SCOTLAND was blighted by poverty even before the pandemic, and, unless the . Scottish government takes urgent action, it will significantly miss child-poverty targets, the Joseph Rowntree Foundation (JRF) warns. “Stop walking and start running,” it tells the Scottish government.

The JRF report Poverty in Scotland 2021 was published this week. It identifies the lack of an adequate social-security system, and difficulty in gaining work that provides enough income, as the biggest areas for immediate action. One in four children are living in poverty, and the biggest risk factor is being in a workless household.

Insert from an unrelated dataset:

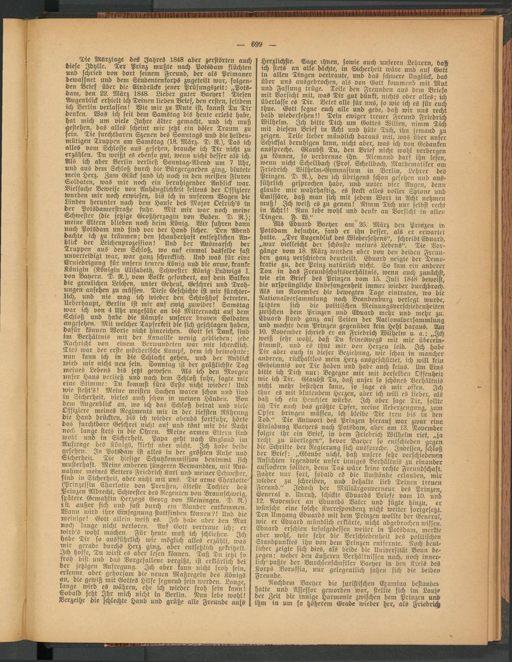 Tie Mürztage des Jahres 1848 aber zerstörten auch diese Idylle. Der Prinz mußte nach Potsdam flüchten und schrieb von dort seinem Freund, der als Primaner bewaffnet und dem Studentenkorps zugeteilt war, folgenden Bries über die Eindrücke jener Prüfungszeit: „Potsdam, den 22. März 1848. Lieber guter Baeyer! Diesen dlugenblick erhielt ich Deinen lieben Brief, den ersten, seitdem ich Berlin verlassen! Wie mir zu Mute ist, kannst Tu Dir denken. Was ich seit dem Samstag bis heute erlebt habe, hat mich um viele Jahre älter gemacht, und ich muß ?gestehen, das alles scheint mir jetzt ein böser Traum zu ein. Tie furchtbaren Szenen des Sonntags und die heldenmütigen Truppen am Samstag (18. März. D. R.), Das ich alles vom Schlosse aus gesehen, brauche ich Dir nicht zu erzählen. Tu weißt es ebenso gut, wenn nicht besser als ich. Als ich aber Berlin verließ Sonntag-Abend um 7 Uhr, und aus dem Schloß durch die Bürgergarden ging, blutete mein Herz. Zum Glück fand ich noch in den meisten Fluren Soldaten, was mir noch ein beruhigender Anblick war. Vielfache Beweise von Anhänglichkeit seitens der Offiziere wurden mir noch erwiesen, bis ich in unserem Wagen die Linden herunter nach dem Hause des Major Oelrtch's in der Potsdamerstraße fuhr. Mit mir war noch meine Schwester (die jetzige Großherzogin von Baden. D R.); meine Eltern blieben noch beim König. Wir fuhren dann nach Potsdam und sind vor der Hand sicher. Den Abend dachte ich zu träumen; den schauderhaft entsetzlichen Anblick der Äeichenprozession! Und der Ausmarsch der Truppen aus dem Schloß, wo auf einmal dasselbe fast unverteidigt war, war ganz schrecklich. Und was für eine Erniedrigung für unfern teuren König und die arme, kranke Königin (Königin Elisabeth, Schwester König Liidwigs I. von Bayern. D. Rch vom Volke gefordert, auf dein Balkon die greulichen Leichen, unter Geheul, Geschrei und Drohungen ansehen zu niüssen. Diese Geschichte ist mir fürchterlich, und nie mag ich wieder den Schloßhof betreten. Ueberhaupt, Berlin ist mir auf ewig zuwider! Samstag war ich von 4 Uhr ungefähr an bis Mitternacht auf dem Schloß und habe die Kämpfe unserer braven Soldaten angesehen. Mit welcher Tapferkeit die sich geschlagen haben, dafür können Worte liicht hinreichen. Gott sei Dank, sind im Verhältnis mit der Kanaille wenig geblieben; jede Nachricht von einem Verwundeten ivar mir schrecklich. Dies war der erste mörderische Kampf, dem ich beiwohnte; nun kann ich in die Schlacht gehen, und der Lknblick wird mir nicht neu sein. Sonntag ist der gräßlichste Tag meines Lebens bis jetzt gewesen. Als ich den Morgen unser Haus verließ und nach dein Schloß fuhr, sagte mir eine Stimme: Du kominst fürs Erste nicht wieder! Und wie steht's! Meine meisten Sachen waren schon und sind rn Sicherheit, vieles auch schon in meinen Händen. Von dem Augenblick an, !vo ich das Schloß betrat und viele Offiziere meines Reginients mir in der tiefsten Rührung die Hand drückten, bis ich wieder abends fortfuhr, hörte das furchtbare Geschrei iiicht auf und tönt mir die Nacht noch lange stets in die Ohren. Meine armen Eltern sind wohl und in Sicherheit. Papa geht nach England im Auftrage des Königs, flieht aber nicht. Ich habe beide gesehen. In Potsdain ist alles iit der größten Ruhe und Sicherheit. Tie hiesige Schutzkommission benimmt sich musterhaft. Meine anderen jüngeren Verwandten, mit Aus- uahme meines Vetters Friedrich Karl und meiner Schwester, suw rn Sicherheit, aber nicht mit uns. Tie arme Charlotte z (Prinzessin Charlotte von Preußen, älteste Tochter des Prinzen Albrecht, Schwester des Regenten von Braunschweig, spatere Gemahlin Herzogs Georg von Meiningen. D. R ) ist, außer sich und fast durch ein Wunder entkommen. Mann ivtrb ihre Einsegnung stattsinden können?! Und die meimge! Gott allein weiß es. Ich habe aber den Mut noch lauge nicht verloren. Auf Gott vertraue ich- er wcrd's ivohl machen. Für heute muß ich schließen. ' Ich habe Dir so ausführlich wie möglich alles erzählt, was surr r gerade durchs Herz ging, aber entsetzlich gekritzelt, rsch hoffe. Tu wirst es aber lesen können. Daß Du jetzt so froh bist und das Vorgefallene vergißt, ist erklärlich bei der jetzigen Aufregung. Ich aber kann nicht froh sein, erkenne aber gehorsam die neuen Maßregeln des Königs an, die gewiß mit Gottes Hilfe segnend sein werden. Lange, lange wird es währen, ehe ich wieder froh sein kann! Sobald seht Ihr mich nicht in Berlin. Nun lebe wohl! Verzeihe die Wechte Hand und grüße alle Freunde aufs

The respondents were members of the End Poverty Scotland Group, who were in paid work, studying, and/or volunteering, and who each had personal experience of living on a low income.

The human cost of poverty is described as “shocking”: people in the most deprived communities are 18 times more likely to have a drug-related death, and four times more likely to have an alcohol-related death. The difference in “healthy life expectancy” for men in the most deprived areas is 25 fewer years in good health than men in the least deprived areas, the report says. For women, the figure is 21.

Poverty in Scotland has been increasing since about 2010-13, and deep poverty has reached almost the same level as 20 years ago. “Shockingly, the poverty rate for people in minority ethnic families is more than double that of people in white families,” the report says. Other groups identified at greatest risk include single parent families and renters.

Parties across the political spectrum in the Scottish Parliament set legal targets in 2017, notably to have less than ten per cent of children living in relative poverty after housing costs by 2030/31. The interim target of fewer than 18 per cent of children in 2024 is forecast to be significantly missed.

The Scottish government is called on to double the child payment and increase the scale and pace of programmes to help priority-group families. The UK Government must stop the cuts to Universal and Working Tax Credits, reverse the general inadequacy of social security, and bring forward an employment Bill that attacks the root causes of in-work poverty, the report says.